Along with Action Against Hunger, under the framework of the Social Infrastructures program, Ferrovial set the goal of building the infrastructures necessary so that 1,200 people would have drinking water regularly. To this end, over the course of this year, a water treatment plant was designed and built, and water quality monitoring processes were implemented. In addition, the project focused on training in hygiene and water resource management.

Public toilet Toilet by toilet, sink by sink, we still have time to change things | Source: Pixabay | Author: Vladvictoria

A toilet to change the world

If there is any region of the planet where the problem of water has reached dramatic levels, it is in Sub-Saharan Africa. There, only one in four people has access to potable water systems, and only 18% can use safe sanitation facilities. The data obtained by the UN could actually be even higher, as many countries don’t have statistical systems.

In the Mbhikwa region of Zimbabwe’s Lupane district, less than 30% of the population has access to a toilet. Some 70% of people defecate outdoors. The lack of sanitation systems and potable water is even evident in hospitals and schools. Here more than anywhere else, a toilet can change the world.  Public health and quality of life directly depend on access to safe infrastructures for water and sanitation.

In Mbhikwa, the NGO World Vision, with support from Ferrovial, is carrying out a series of actions to improve access to water and sanitation facilities in health centers and an elementary school. During 2019, several solar water distribution systems, water storage tanks, cistern toilets, and incinerators for disposing of solid waste have been installed.

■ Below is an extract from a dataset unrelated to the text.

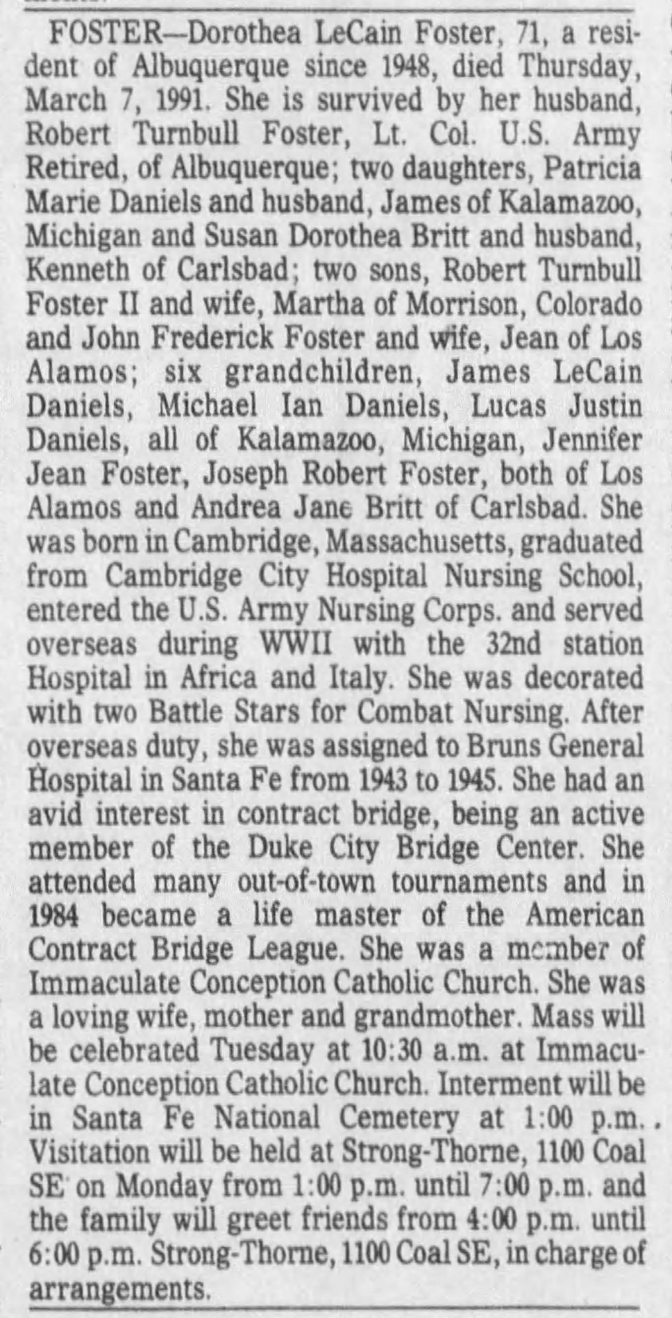 LeCain Foster was born in Cambridge, Massachusetts to John and Mary McGrath LeCain 4. As a child, she was involved in the Girl Scouts. 5 After the war, she met Lt. Col. Robert Turnbull Foster at Bruns General, and they married in July of 1946 and had four children, Patricia Marie, Robert Turnbull II, John Frederick, and Susan Dorothea. 6, 7 LeCain Foster moved to Albuquerque in 1948. 1 She had an avid interest in contract bridge, being a member of the Duke City Bridge Center. 1, 8 She attended many out-of-town tournaments and in 1984 became a life master of the American Contract Bridge League. 1 In 1982, she attended the reunion of the 32nd Station Hospital in St. Peterburg, Florida. 9
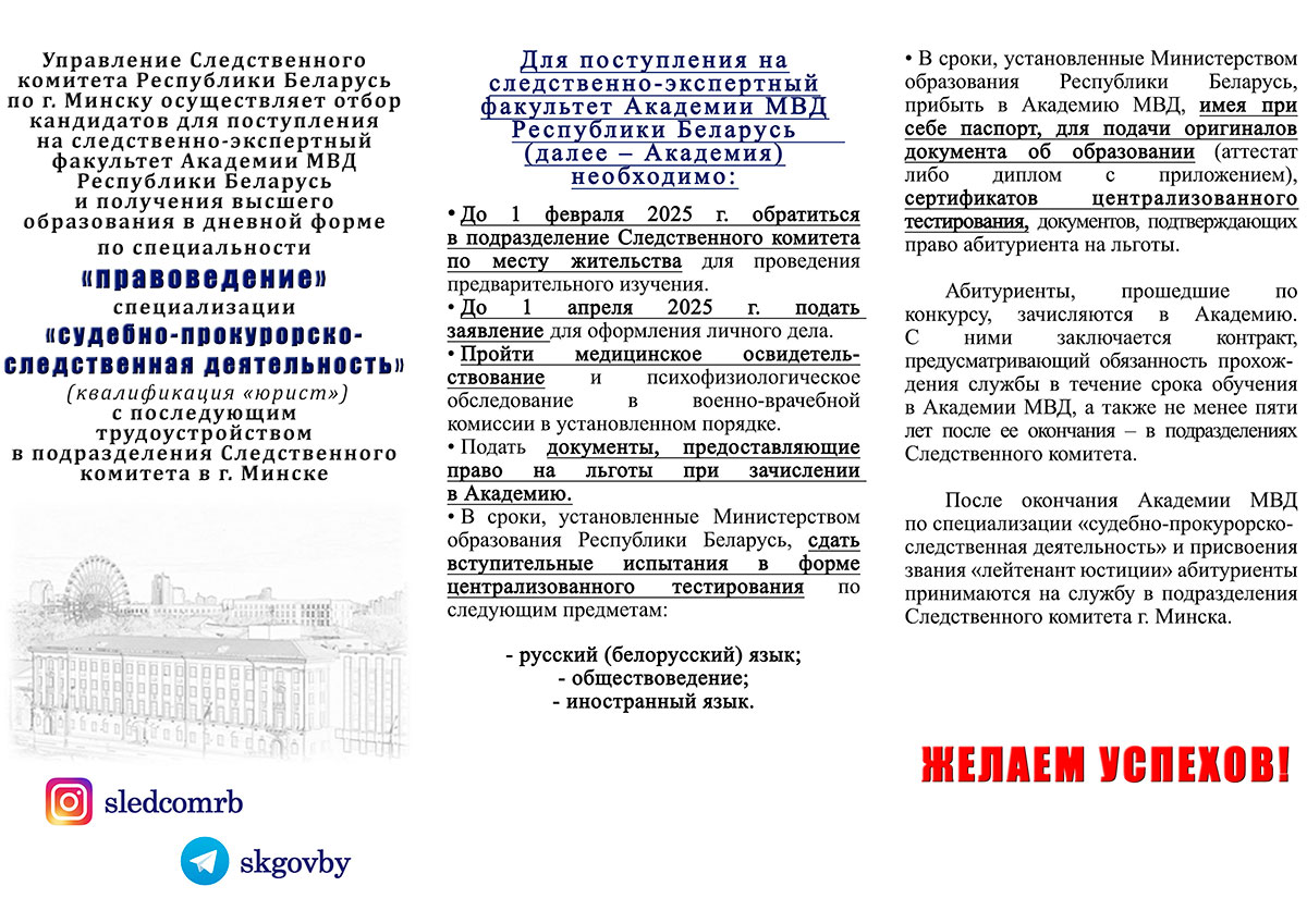С дополнительной информацией можно ознакомиться на сайтах Академии МВД – academy.mia.by и Следственного комитета Республики Беларусь – www.sk.gov.by.

Despite such cooperation and innovation projects, the situation in much of the world will get worse over the coming decades. Forecasts from the UN’s Intergovernmental Panel on Climate Change (IPCC) show that water stress and scarcity will worsen in the future due to climate change.

If we add to this almost inevitable physical scarcity the economic water shortage due to lack of investment in infrastructure and technology, the challenges multiply. World Toilet Day should show us that, toilet by toilet, sink by sink, we still have time to change things.